Project Inclusion is Chicago Sinfonietta's groundbreaking fellowship program where talent and mentorship converge to develop diverse and emerging musicians, conductors, and administrators on and off-stage. What was created by Freeman to help eliminate institutional bias due to factors such as ethnicity, race, and socioeconomic status has since broadened to tackle matters of diversity and inclusion from every angle. Today, Project Inclusion offers multifaceted, professional development fellowships to four orchestral and ensemble musicians, up to four conductors, and 1-2 arts administrators each season. Chicago Sinfonietta is proud to share that 53 percent of Project Inclusion fellows have been African American, 30 percent Latin American, and 15 percent Asian American, including Arab American, as well as 50 percent female.
"I am still awestruck by the impact the Chicago Sinfonietta's Project Inclusion program has had on my career. Every person in the organization buys in to each fellow and supports them for who they are and builds them up with the knowledge and tools to be successful, creating endless possibilities for the individuals touched by the program," said Gray.
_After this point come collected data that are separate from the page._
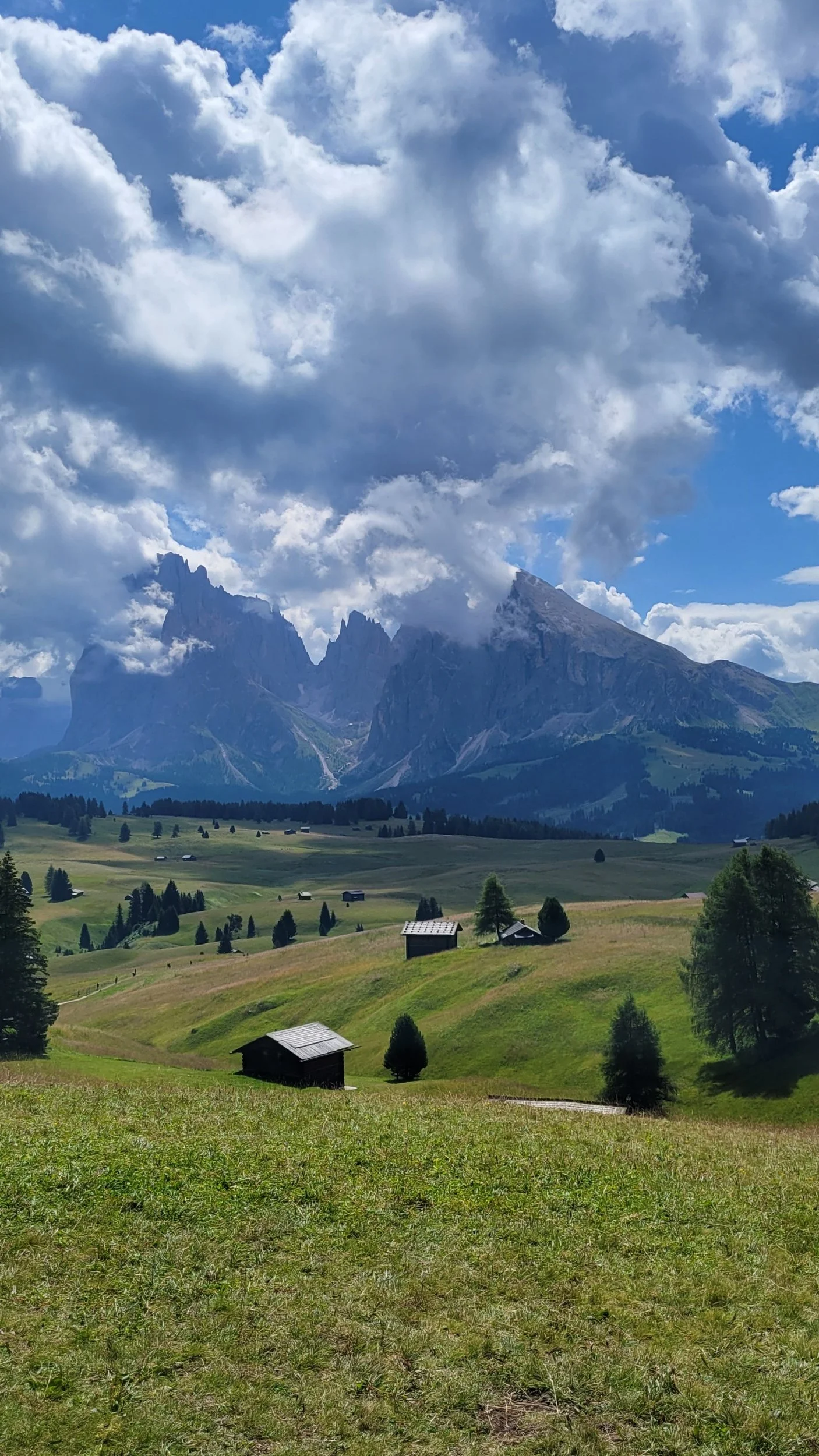 The views of the Dolomites from our windows were worth everything. Towering peaks, soft green slopes, clouds drifting lazily by—we don’t remember the last time we stared out an Airbnb window as much as we did here. Prepare yourselves for a lot of mountain photos. Sorry, not sorry.
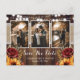 These rustic floral wedding save the date photo postcards featuring burlap, lace and barn wood background are ideal for a rustic-themed wedding party inspired by sunflowers and red roses.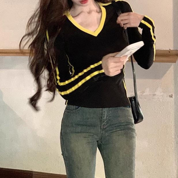 Tシャツ レディース Vネック 長袖 綿 織りテープ 切り替え 無地 トップス カットソー 韓国 カジュアル 白 黒 紺 青(x2)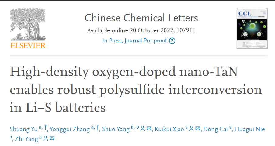 相关研究成果以“High-density oxygen-doped nano-TaN enables robust polysulfide interconversion in Li−S batteries”为题发表在《Chinese Chemical Letters》(IF=8.455)上,黑料社

"Being part of Chicago Sinfonietta's Project Inclusion program during the 2016-2017 season with Kellen changed my life and gave me an opportunity to get my foot in the classical music industry's door," said Armstrong. "Being able to work together to lead this program has been humbling and an organic process, because the legacy of Dr. King is something both Kellen and I are directly impacted by. We both grew up in South Carolina and have similar backgrounds and experiences growing up in the Deep South, which gives us each a unique perspective and reason to celebrate how far we have come and how far we have to go as a society. We are looking for the audience to leave with an uplifting sense of legacy and to celebrate the ways that diverse musicians continue to fight for inclusion."
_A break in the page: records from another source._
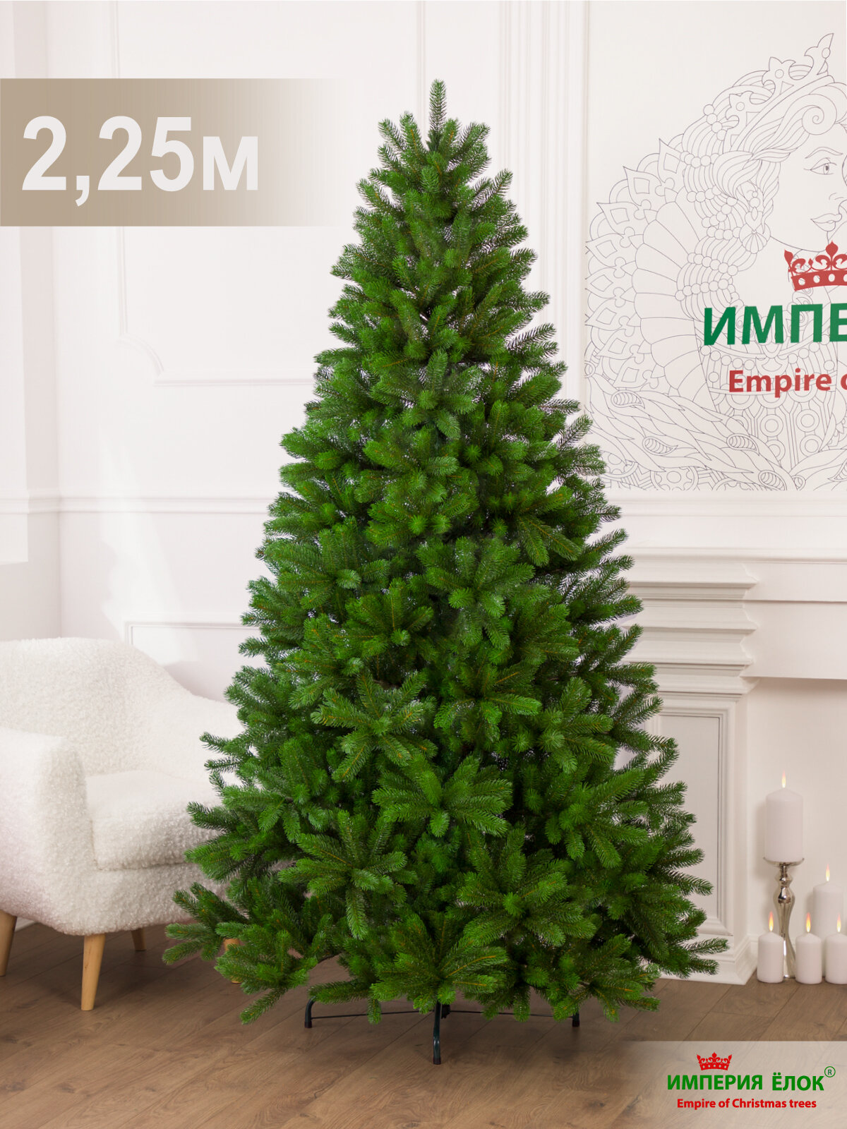 Елка искусственная новогодняя литая 225 см, ель на Рождество в комнату, Империя Ёлок интересное: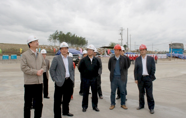 圖為:交通運(yùn)輸廳副廳長(zhǎng)梁毅(右二)、崇左市委書記趙樂秦(右三)、崇左市副市長(zhǎng)張鴻(左一)在項(xiàng)目現(xiàn)場(chǎng)檢查調(diào)研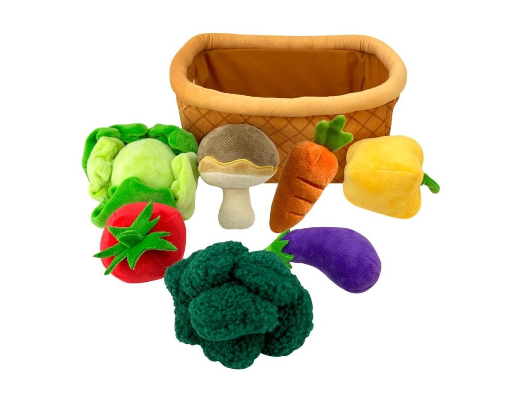 Plyšový košík se zeleninou a houbou je nezbytným doplňkem při hraní si na pěstování zeleniny, nebo její prodej v obchodě, ale najde také své využití i v dětské kuchyňce. Vyšívaná tematická plyšová hračka z velmi kvalitní plyše. Sada obsahuje košík, 6 imitací zeleniny a jedné houby: hlávkové zelí, mrkev, lilek, brokolice, rajče, paprika a houba. Použité materiály: Vrchní látka a výplň 100% polyester, vnitřní výztuže košíku - plast. Ruční praní a čištění vlhkým hadříkem. Vhodné pro děti od 2 let.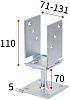 Регулируемая опора бруса 71-131х110 мм GAH ALBERTS 214500 для крепления столбов, колонн, вертикальных стоек и иных деревянных элементов к бетонному основанию. Конструктивно представляет собой U-образное раздвижное крепление с одной стороны, приваренное к арматурному штырю и перфорированную пластину с другой. Для крепления бруса к основанию используются саморезы, шурупы, ершёные гвозди, для фиксации к бетону применяются анкеры. Предназначен для возведения лёгких небольших построек: заборов, навесов, пергол, декоративных ограждений.

Woods, a spoken-word and voiceover artist, will make his return to the stage with the Chicago Sinfonietta. Performing in his second concert with the group, Woods' rendition of the I Have a Dream speech has been heard around the world both with and without musical accompaniment. According to Woods, some of the most impactful lines which will be heard by audience members include, "I have a dream that my four little children will one day live in a nation where they will not be judged by the color of their skin, but by the content of their character."
"What truly moves me about Dr. King's speeches is how the words are resonant and relative in the times in which we live," said Woods. "Every time I recite the words, I am overcome with a profound revelation of the man and the passion and compassion of his spirit. It is an honor to perform alongside the Chicago Sinfonietta and the musicians who work each and every day to help realize a more diverse, inclusive, and equal world for everyone."
The orchestra was founded by Maestro Paul Freeman to address disconnect between the utter lack of diversity in orchestras and the vibrant, nuanced, communities for which they play. For more than 30 years, Chicago Sinfonietta has made it their mission to represent the city of Chicago, reflecting that vibrancy on stage and in its programming, making classical music accessible for anyone. In everything they do, Chicago Sinfonietta is inspired by founder Paul Freeman (1936-2015). The orchestra's 31 years have been highlighted by six European tours, two Kennedy Center performances, three Millennium Park concerts attended by over 19,000 people and 16 recordings.
ABC7 Chicago is a media sponsor for the event.